I installed Knoppix on one of my laptops to boot from the hard drive. It would not recognize my wireless. I found all I had to do was make a simple change to one of the init parms,
But it WOULD NOT let me edit it! I had to create a copy, edit the copy, then try to copy it back.
But you can’t say COPY X Y, you have to use MOVE...
Now, I’m not a rookie either. I was my first computer about 1973 and have been working with them ever since. I’ve written a LOT of assembler code, and worked with Univacs, IBM’s, others.
I am a z/OS systems engineer now.
In all my years, the only thing I’ve seen as cryptic as Linux is some of the C derivatives.
With the latest Ubuntu, I was able to update my video driver from the desktop (once I figured out how to find the relocated system functions).
I hate the new desktop, but it did its job in this case.

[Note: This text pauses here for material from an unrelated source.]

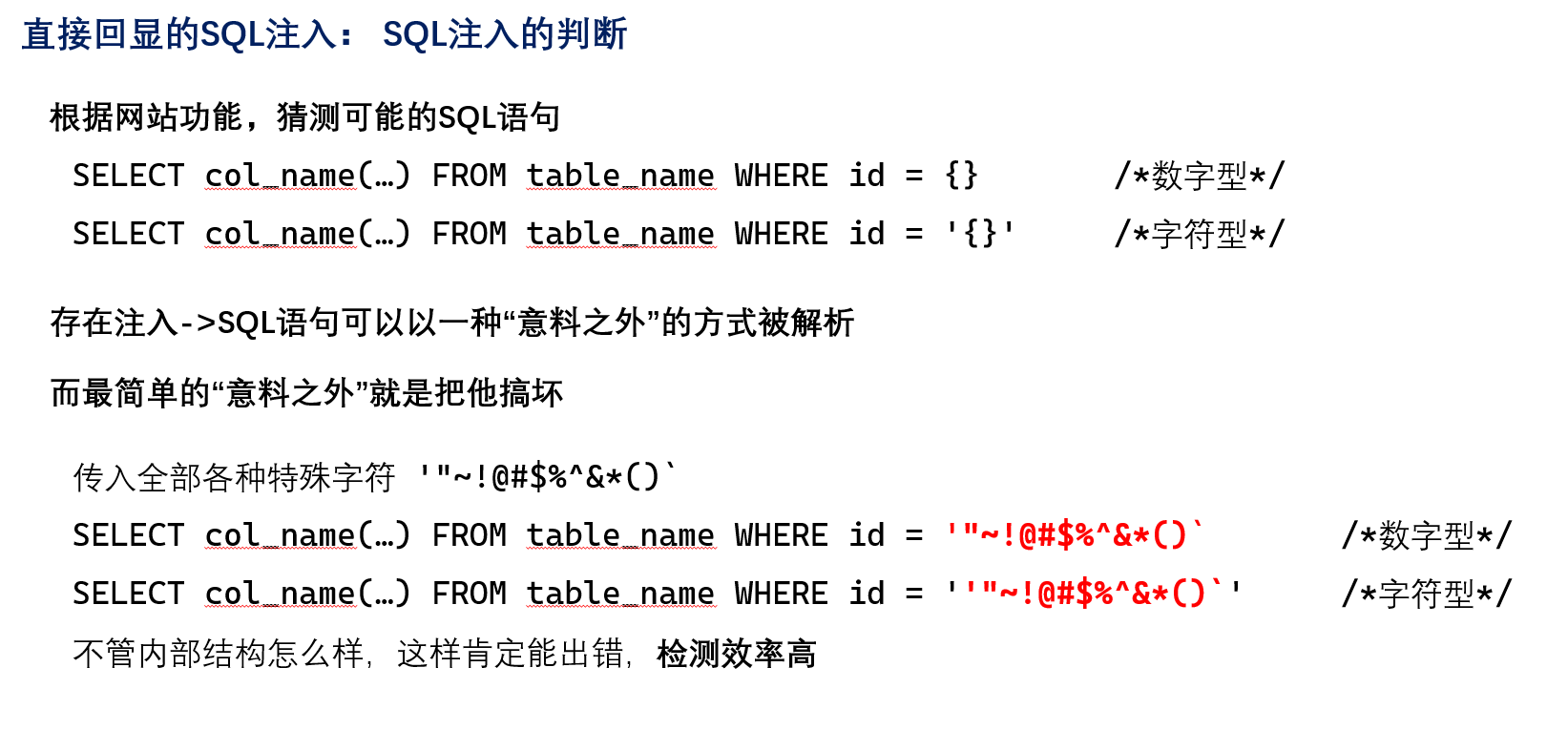 SQL 注入类型的判断:数字型/字符型

First, it would be helpful to learn the way that file permissions work on Unix systems. It's usually not a good idea to be logged on as root (administrator), so "sudo" is your friend. Second, the copy command is "cp source_file target_file". So typically that would be "sudo cp source_file target_file" and then authenticate as root. To move a file, the command is "mv source target". I hope this information is helpful.
These commands are standard on any Unix system, so it doesn't matter whether you are using Linux, Solaris, Free BSD, HP-UX, Mac OS X, or any other version of Unix. It all works the same.